Кронштадт - Войскунский Евгений Львович - Страница 110
- Предыдущая
- 110/137
- Следующая
Медленно пошли дальше по Ленинской. Погуляй, погуляй еще немного, пока на свободе (иронизировал над собой Козырев). Через пять минут станешь женатиком… Ах, господин капитан-поручик, что же это вы…
— О чем ты думаешь? — спросила Надя, взяв его под руку.
— Да вот, курю папиросы «Ракета» и думаю о Циолковском.
— Ты скажешь! Андрюша, вот ты любишь историю… А нам историк в школе рассказывал, что ужасно много людей тут погибло, когда строили Кронштадт…
— Много, — кивнул Козырев.
— Даже песню такую сложили, я запомнила: «Расскажи, крещеный люд, отчего народы мрут с покрову до покрову на проклятом острову». Ты вот обожаешь Кронштадт, а для них он был гибельным… проклятым…
— Ничего не поделаешь, Надюша, такова историческая необходимость. России нужен был флот и выход к морю.

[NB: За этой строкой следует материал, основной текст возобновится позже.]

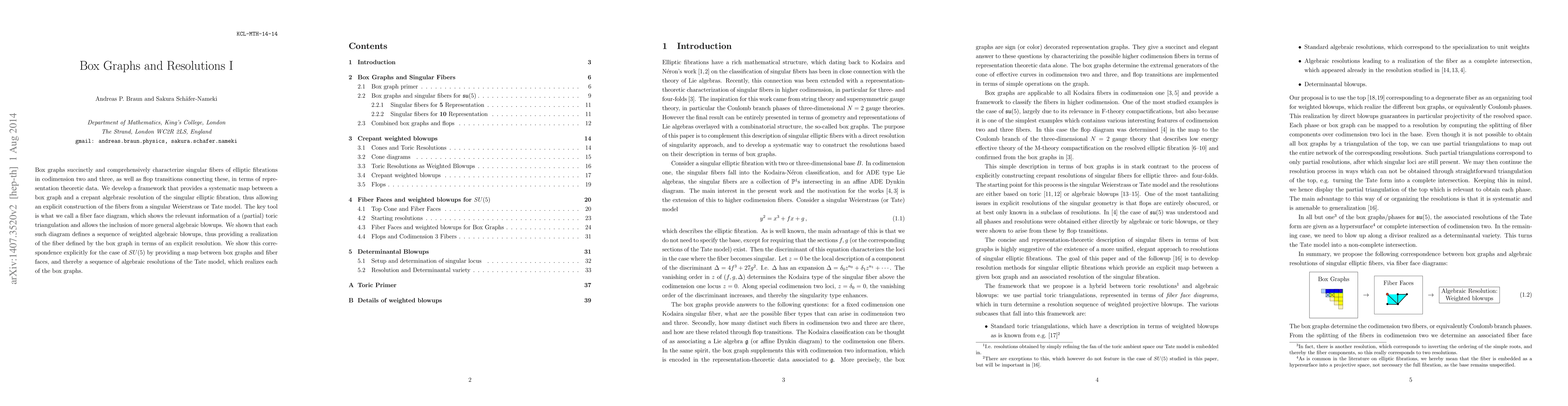 Box graphs succinctly and comprehensively characterize singular fibers of elliptic fibrations in codimension two and three, as well as flop transitions connecting these, in terms of representation theoretic data. We develop a framework that provides a systematic map between a box graph and a crepant algebraic resolution of the singular elliptic fibration, thus allowing an explicit construction of the fibers from a singular Weierstrass or Tate model. The key tool is what we call a fiber face diagram, which shows the relevant information of a (partial) toric triangulation and allows the inclusion of more general algebraic blowups. We shown that each such diagram defines a sequence of weighted algebraic blowups, thus providing a realization of the fiber defined by the box graph in terms of an explicit resolution. We show this correspondence explicitly for the case of SU(5) by providing a map between box graphs and fiber faces, and thereby a sequence of algebraic resolutions of the Tate model, which realizes each of the box graphs.

— Необходимость — строить на костях?
— Все крупные стройки подымались на костях — начиная с египетских пирамид. Только пирамиды никому не были нужны, кроме фараонов для своего возвеличивания, а вот база для флота была нужна государству. Тут жертвы оправданные…
Они дошли до угла Советской и остановились. Перед ними будто вырос из сугробов Гостиный двор, окруженный озябшими колоннами, за которыми виднелись мешки с песком, прикрывавшие витрины, и заколоченные окна верхнего этажа.
— Это сейчас мы понимаем, что жертвы оправданные, — сказала Надя, — а ведь они-то не понимали. У них у каждого была своя жизнь, им хотелось хорошего для себя… а их обрекли на гибель, потому что флоту нужна база…
Солнце закатилось в облачную муть. Размылись тени на обледеневших тротуарах, город готовился растворить дома в близящихся сумерках. С потемневшего неба посыпались твердые снежинки — это от них, наверное, стоял над Кронштадтом тихий-тихий звон.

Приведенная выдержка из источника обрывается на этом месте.